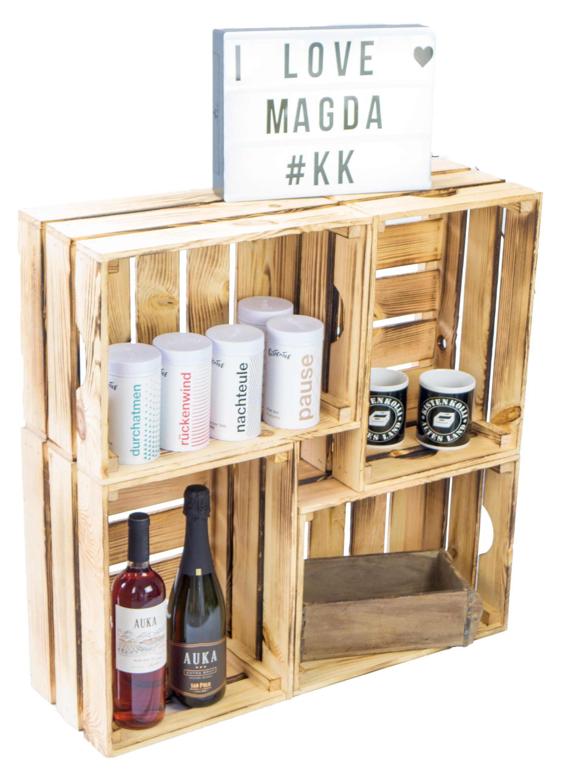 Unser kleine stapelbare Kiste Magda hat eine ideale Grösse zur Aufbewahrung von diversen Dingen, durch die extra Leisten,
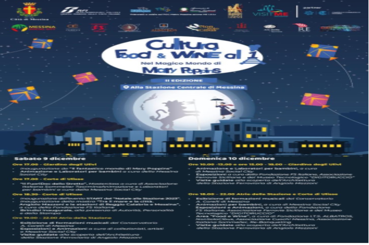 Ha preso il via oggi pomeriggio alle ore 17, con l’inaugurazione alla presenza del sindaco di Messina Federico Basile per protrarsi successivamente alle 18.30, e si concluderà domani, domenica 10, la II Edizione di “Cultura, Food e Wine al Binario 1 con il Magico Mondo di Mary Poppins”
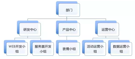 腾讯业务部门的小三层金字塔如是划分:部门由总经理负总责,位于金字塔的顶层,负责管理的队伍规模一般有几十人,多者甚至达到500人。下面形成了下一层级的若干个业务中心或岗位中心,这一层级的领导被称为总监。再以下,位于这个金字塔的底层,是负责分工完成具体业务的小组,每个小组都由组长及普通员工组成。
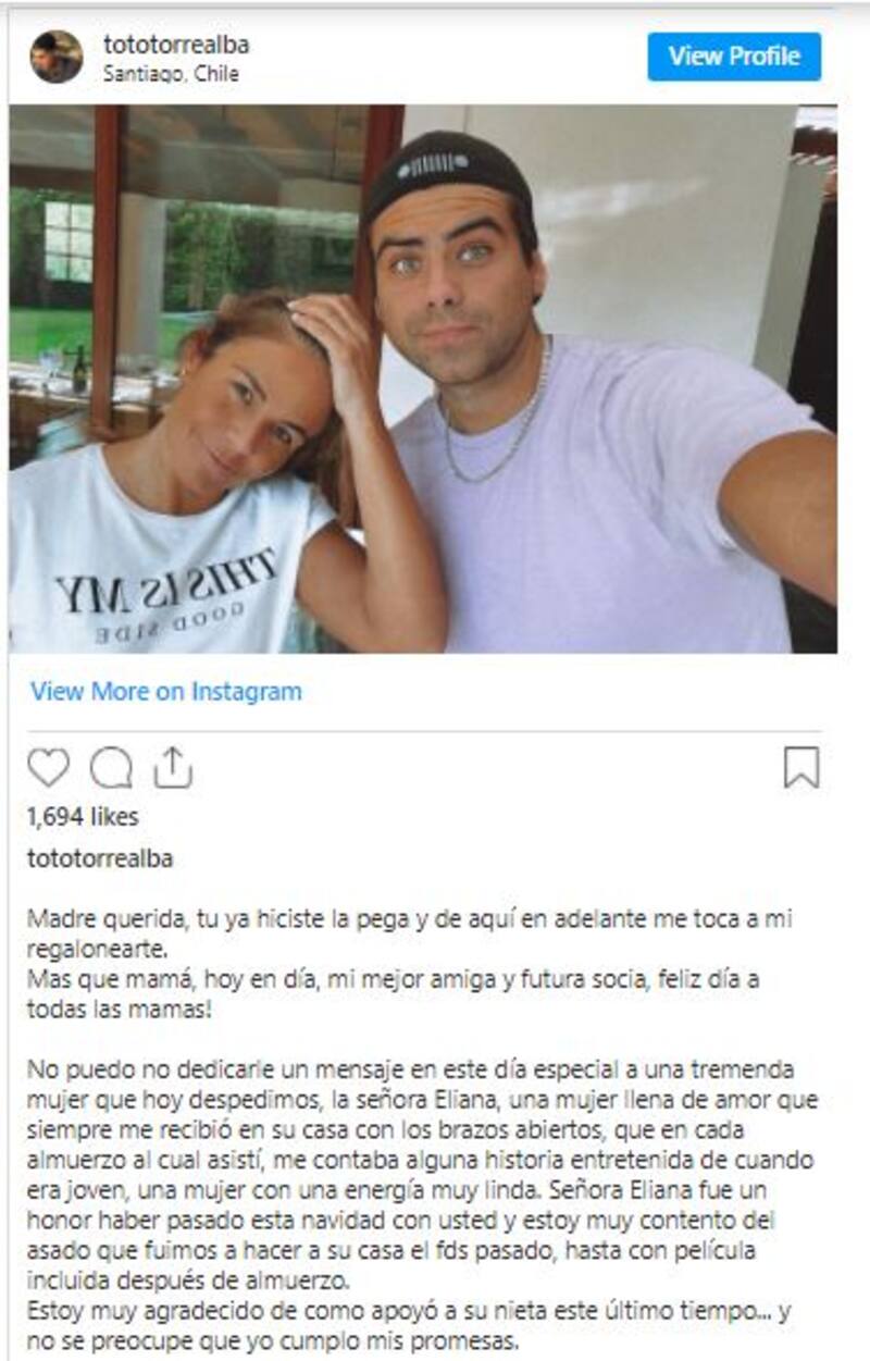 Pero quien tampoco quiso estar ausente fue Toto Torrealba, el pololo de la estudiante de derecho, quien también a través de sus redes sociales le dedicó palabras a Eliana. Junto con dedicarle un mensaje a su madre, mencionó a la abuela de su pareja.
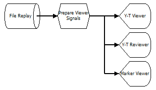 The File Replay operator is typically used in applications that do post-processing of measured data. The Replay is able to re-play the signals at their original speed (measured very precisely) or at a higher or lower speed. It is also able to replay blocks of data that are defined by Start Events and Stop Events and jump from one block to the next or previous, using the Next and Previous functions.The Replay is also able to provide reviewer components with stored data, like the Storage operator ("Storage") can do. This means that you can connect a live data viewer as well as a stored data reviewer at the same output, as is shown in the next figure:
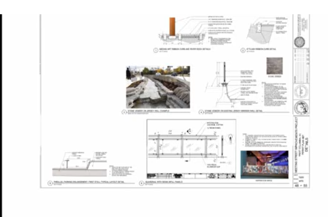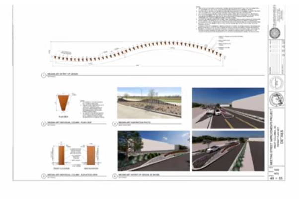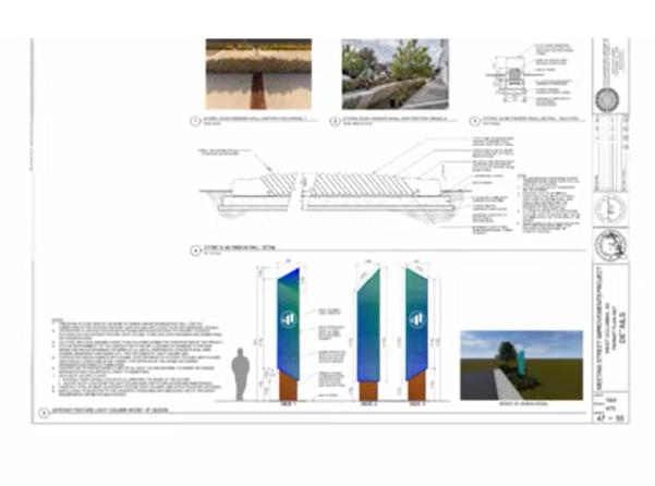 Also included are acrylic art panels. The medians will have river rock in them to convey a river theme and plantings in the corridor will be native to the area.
* * *
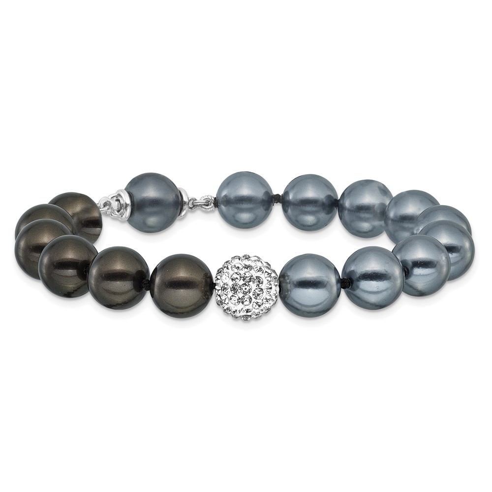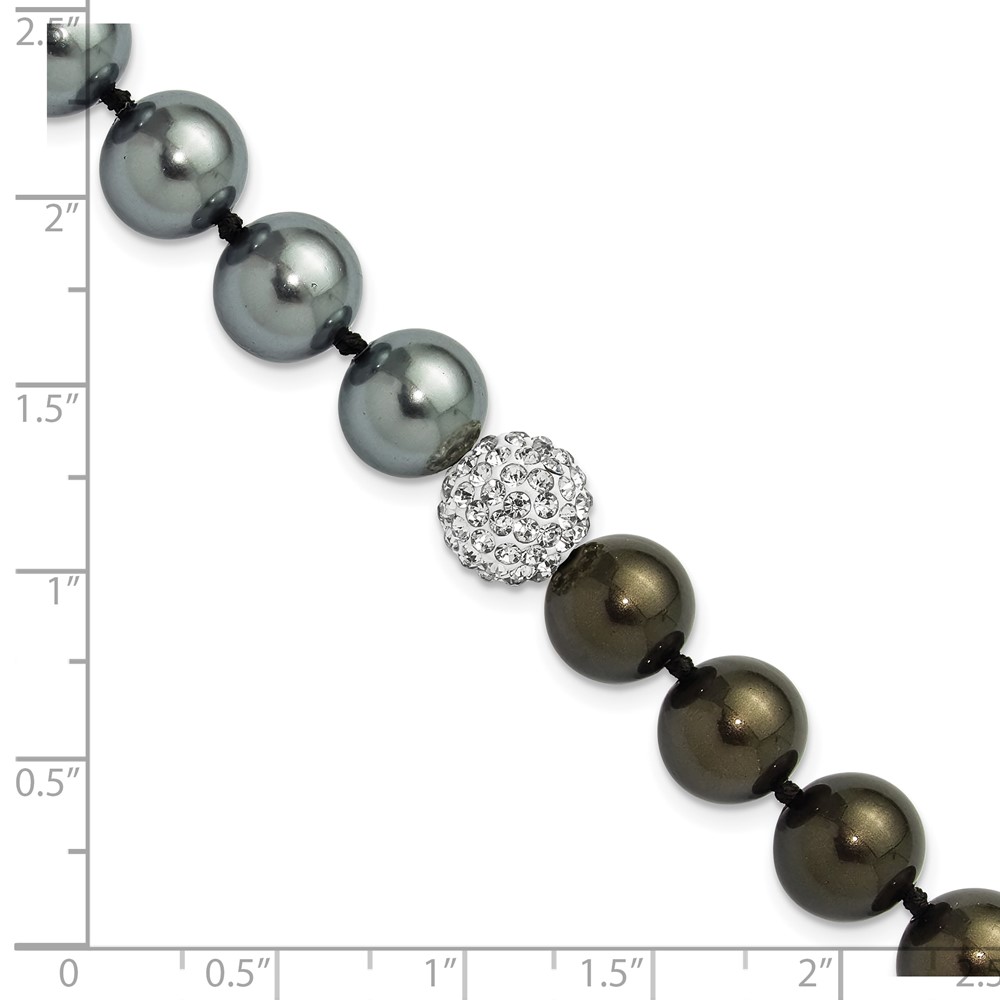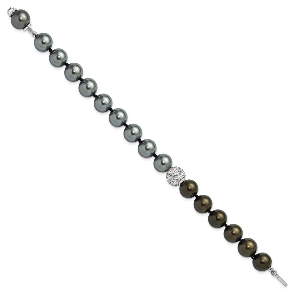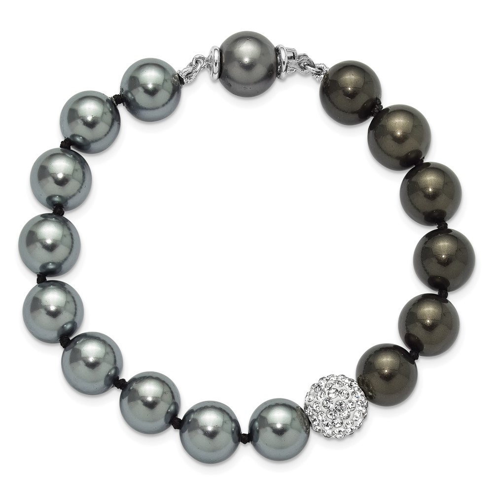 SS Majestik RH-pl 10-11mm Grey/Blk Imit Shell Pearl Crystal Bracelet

WORK TO BE COMPLETED:
In the listing above, find the line with "Unser kleine stapelbare" and the line with "The File Replay". Copy exactly those two and every line between, without the pictures.

TASK OUTPUT:
 Unser kleine stapelbare Kiste Magda hat eine ideale Grösse zur Aufbewahrung von diversen Dingen, durch die extra Leisten,
 Ha preso il via oggi pomeriggio alle ore 17, con l’inaugurazione alla presenza del sindaco di Messina Federico Basile per protrarsi successivamente alle 18.30, e si concluderà domani, domenica 10, la II Edizione di “Cultura, Food e Wine al Binario 1 con il Magico Mondo di Mary Poppins”
 腾讯业务部门的小三层金字塔如是划分:部门由总经理负总责,位于金字塔的顶层,负责管理的队伍规模一般有几十人,多者甚至达到500人。下面形成了下一层级的若干个业务中心或岗位中心,这一层级的领导被称为总监。再以下,位于这个金字塔的底层,是负责分工完成具体业务的小组,每个小组都由组长及普通员工组成。
 Pero quien tampoco quiso estar ausente fue Toto Torrealba, el pololo de la estudiante de derecho, quien también a través de sus redes sociales le dedicó palabras a Eliana. Junto con dedicarle un mensaje a su madre, mencionó a la abuela de su pareja.
 The File Replay operator is typically used in applications that do post-processing of measured data. The Replay is able to re-play the signals at their original speed (measured very precisely) or at a higher or lower speed. It is also able to replay blocks of data that are defined by Start Events and Stop Events and jump from one block to the next or previous, using the Next and Previous functions.The Replay is also able to provide reviewer components with stored data, like the Storage operator ("Storage") can do. This means that you can connect a live data viewer as well as a stored data reviewer at the same output, as is shown in the next figure:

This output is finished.